PROVIDED MATERIAL »

§ §

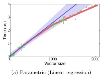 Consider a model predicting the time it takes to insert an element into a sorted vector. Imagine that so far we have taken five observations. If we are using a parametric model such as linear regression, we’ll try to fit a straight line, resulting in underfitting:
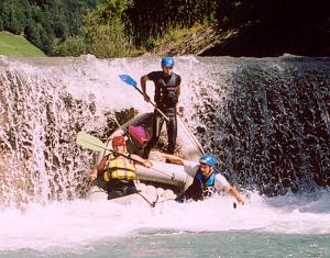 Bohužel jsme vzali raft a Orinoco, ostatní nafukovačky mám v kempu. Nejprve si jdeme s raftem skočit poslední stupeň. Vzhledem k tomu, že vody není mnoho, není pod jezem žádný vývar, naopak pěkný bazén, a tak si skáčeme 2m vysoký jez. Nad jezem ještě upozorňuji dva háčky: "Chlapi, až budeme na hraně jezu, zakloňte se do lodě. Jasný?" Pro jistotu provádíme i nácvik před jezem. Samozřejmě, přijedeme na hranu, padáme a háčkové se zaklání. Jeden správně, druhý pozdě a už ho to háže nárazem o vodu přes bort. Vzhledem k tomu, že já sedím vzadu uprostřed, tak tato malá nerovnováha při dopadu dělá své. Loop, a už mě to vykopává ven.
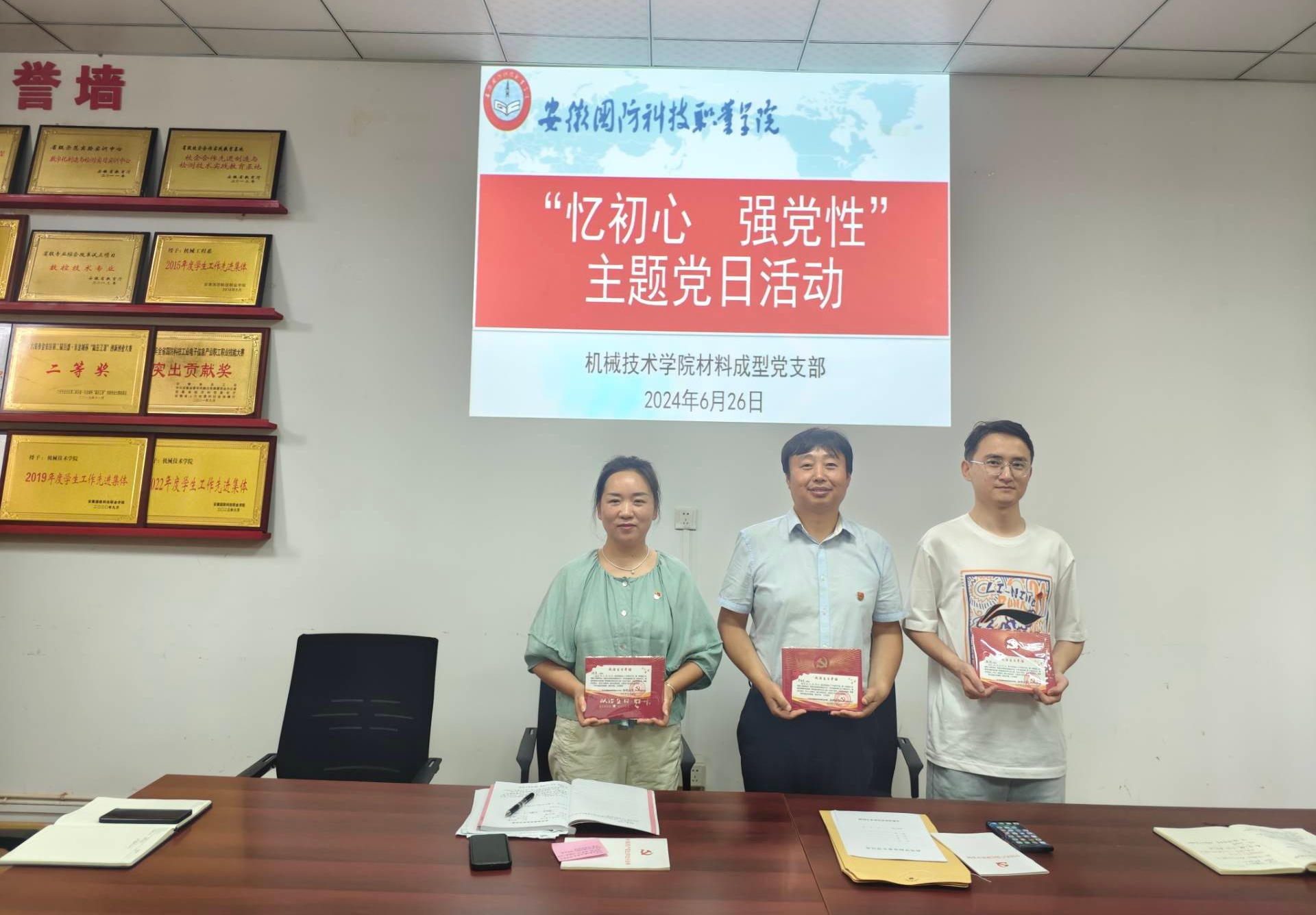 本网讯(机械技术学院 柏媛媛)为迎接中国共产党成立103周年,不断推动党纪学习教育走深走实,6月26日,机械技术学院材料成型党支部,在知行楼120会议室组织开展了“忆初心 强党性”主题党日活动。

§ §

TASK BRIEF »
The whole listing should be reproduced exactly. Images don't go in.

ANSWER TO THE EXERCISE »
 Consider a model predicting the time it takes to insert an element into a sorted vector. Imagine that so far we have taken five observations. If we are using a parametric model such as linear regression, we’ll try to fit a straight line, resulting in underfitting:
 Bohužel jsme vzali raft a Orinoco, ostatní nafukovačky mám v kempu. Nejprve si jdeme s raftem skočit poslední stupeň. Vzhledem k tomu, že vody není mnoho, není pod jezem žádný vývar, naopak pěkný bazén, a tak si skáčeme 2m vysoký jez. Nad jezem ještě upozorňuji dva háčky: "Chlapi, až budeme na hraně jezu, zakloňte se do lodě. Jasný?" Pro jistotu provádíme i nácvik před jezem. Samozřejmě, přijedeme na hranu, padáme a háčkové se zaklání. Jeden správně, druhý pozdě a už ho to háže nárazem o vodu přes bort. Vzhledem k tomu, že já sedím vzadu uprostřed, tak tato malá nerovnováha při dopadu dělá své. Loop, a už mě to vykopává ven.
 本网讯(机械技术学院 柏媛媛)为迎接中国共产党成立103周年,不断推动党纪学习教育走深走实,6月26日,机械技术学院材料成型党支部,在知行楼120会议室组织开展了“忆初心 强党性”主题党日活动。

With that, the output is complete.